Fully autonomous botnets comprised of AI-enabled smartphones equipped with neural processing units aren’t a realistic threat in the immediate future, Avast Research Director Martin Balek told AndroidHeadlines. While “technically possible,” such networks of compromised devices capable of conducting intelligent hacking attacks won’t be achievable on a massive scale in at least “one or two years,” Mr. Balek said, citing a wide variety of obstacles that are presently preventing hackers from creating AI threats. The primary reason for that state of affairs is the technically challenging nature of designing a fully automated AI botnet, the industry veteran believes, pointing to the 2016 DARPA Cyber Grand Challenge as one example illustrating that claim. Intelligent hacking platforms that leverage the NPUs of numerous compromised devices are still an unknown in the sense that the manner in which such convoluted systems are supposed to be designed isn’t “common knowledge,” Mr. Balek said.
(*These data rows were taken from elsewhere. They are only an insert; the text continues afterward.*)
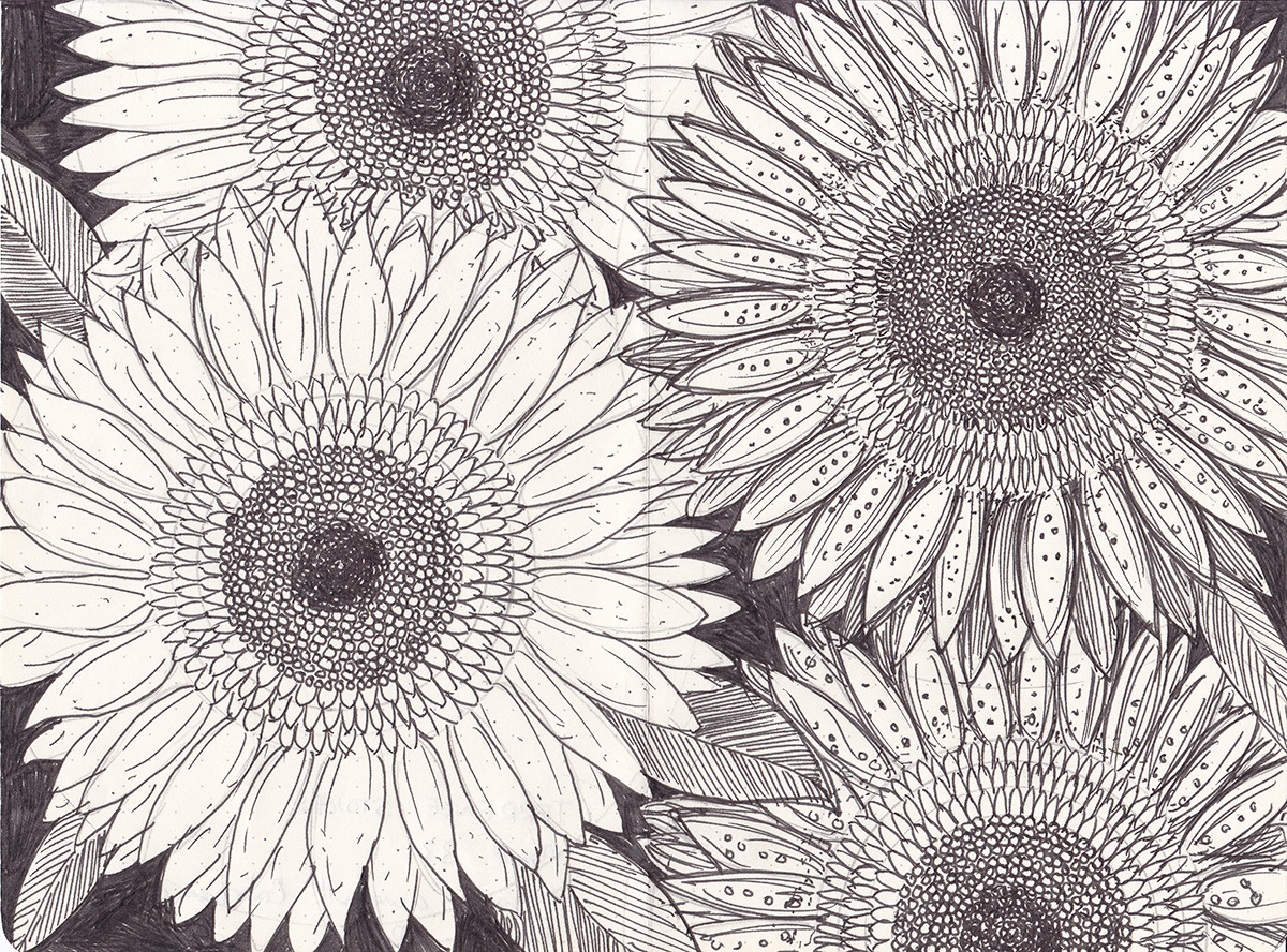 Terrence Stokes (Aged 33), Those Awful Gerberas (Postcard Sent to Velorose from London, 2020), Pencil and Felt Pen on Sketch Book Paper (Unique) (Not for Sale)
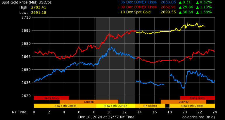 Trên thị trường vàng thế giới, giá vàng giao ngay chốt phiên hôm qua tại Mỹ tăng mạnh 33,6 USD lên 2.693,9 USD/ounce. Sang phiên châu Á sáng nay, giá vàng tiếp tục tăng 4,6 USD lên 2.698,5 USD/ounce.
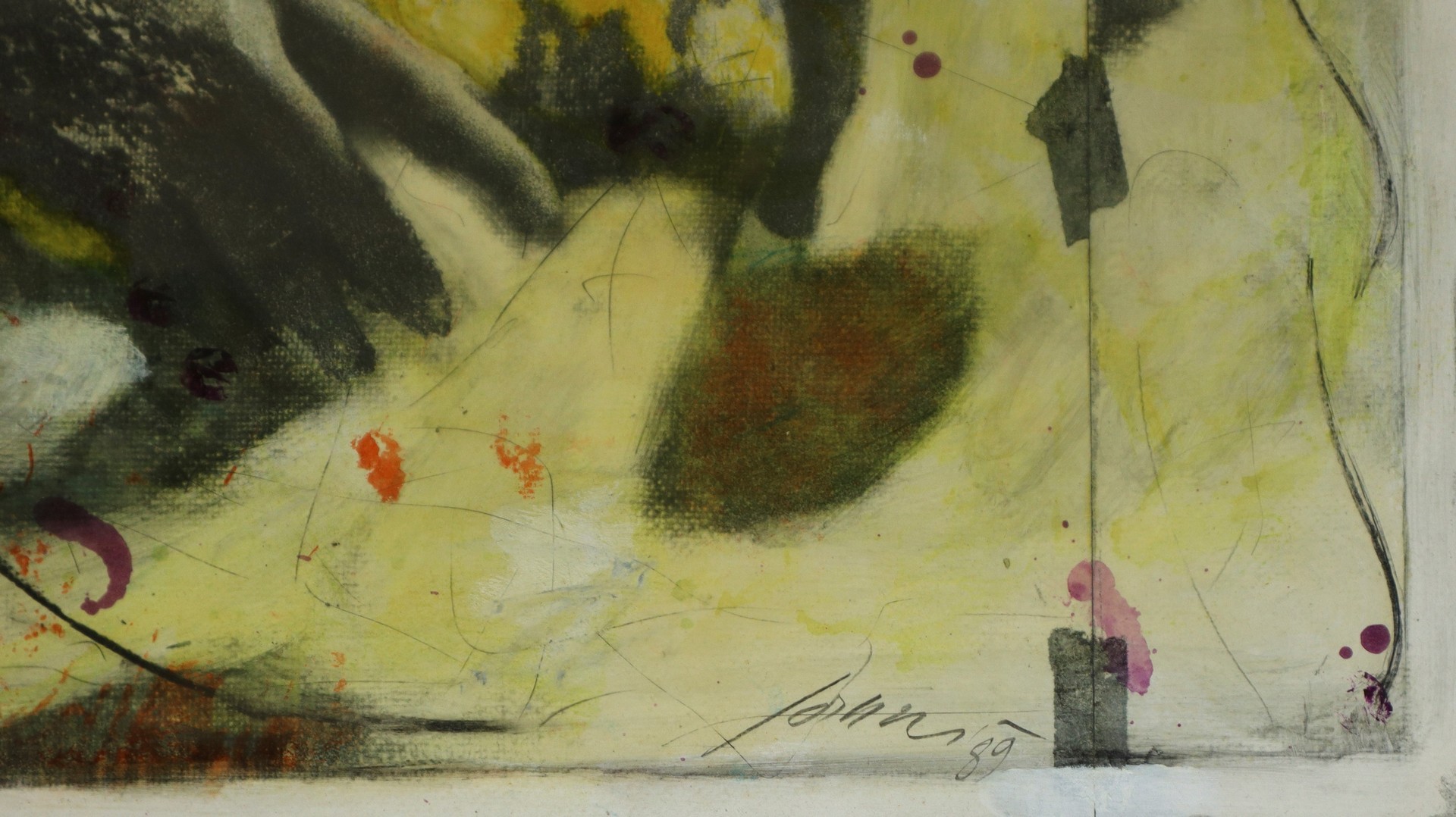 Franco Sarnari (Roma 1933) - Ebrezza, 1989 H cm 63x77 - in cornice H cm 74x88 Olio su tela Firmato e datato in basso a destra. Titolato in basso a sinistra. Titolato, datato e firmato sul retro.
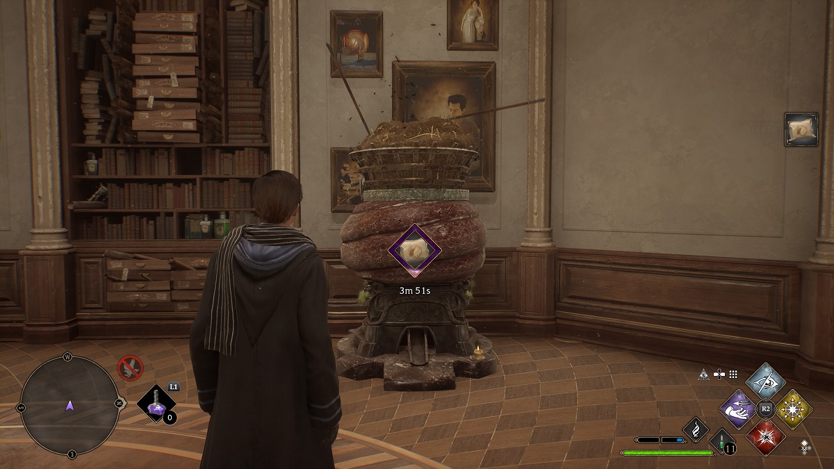 Despite stinking up your Room of Requirement, you can actually form your own Fertilizer for the crops on your potting tables. You’ll want to take a trip to Hogsmeade once more and head south of the town to find Tomes and Scrolls. In this store, you can purchase the Dung Composter Spellcraft, which is sold for 1,000 Gold. It’s a little pricey, but once summoned with the Conjuring spell in your Room of Requirement, it will create a pack of Fertilizer every four minutes. It’s quite impressive how well-animated the composting process is.

Avast’s security researcher also noted that consumer electronics may still not be powerful enough to actually allow for entirely automated botnets, adding that cybercriminals are likely waiting for the technological barrier to such attack vectors becomes “significantly lower than [it is] today.” Mr. Balek also pointed to the relative scarcity of NPUs in contemporary mobile devices, saying that their “massive misuse” is presently unfeasible due to the fact that AI chips are currently only found inside select flagships. As the vast majority of cybercriminals target the most widespread hardware based on a cost-effort calculation, they still aren’t inclined to even attempt working on attacking NPU-equipped devices given how a hypothetical AI botnet solution would likely have a smaller impact than a traditional botnet while being significantly more costly to create, Mr. Balek suggested. Ultimately, even as NPUs become a more common smartphone component moving into the next decade, the misuse of such technologies will probably debut in a manner that’s much more limited in nature than a botnet is, Avast’s security expert said, adding that single-purpose computational platforms such as malicious cryptocurrency miners are more likely to end up being the initial manifestations of mobile NPU misuse.
While artificial intelligence-enabled smartphone botnets may not be compromising any infrastructure on a large scale until the next decade, botnets themselves are already a significant issue in the mobile and IoT segments. IoT companies in particular are yet to embrace an entirely universal set of security standards and even though individual platforms such as Google’s Android Things are promising to address those concerns, it remains to be seen whether they eventually end up enjoying widespread adoption.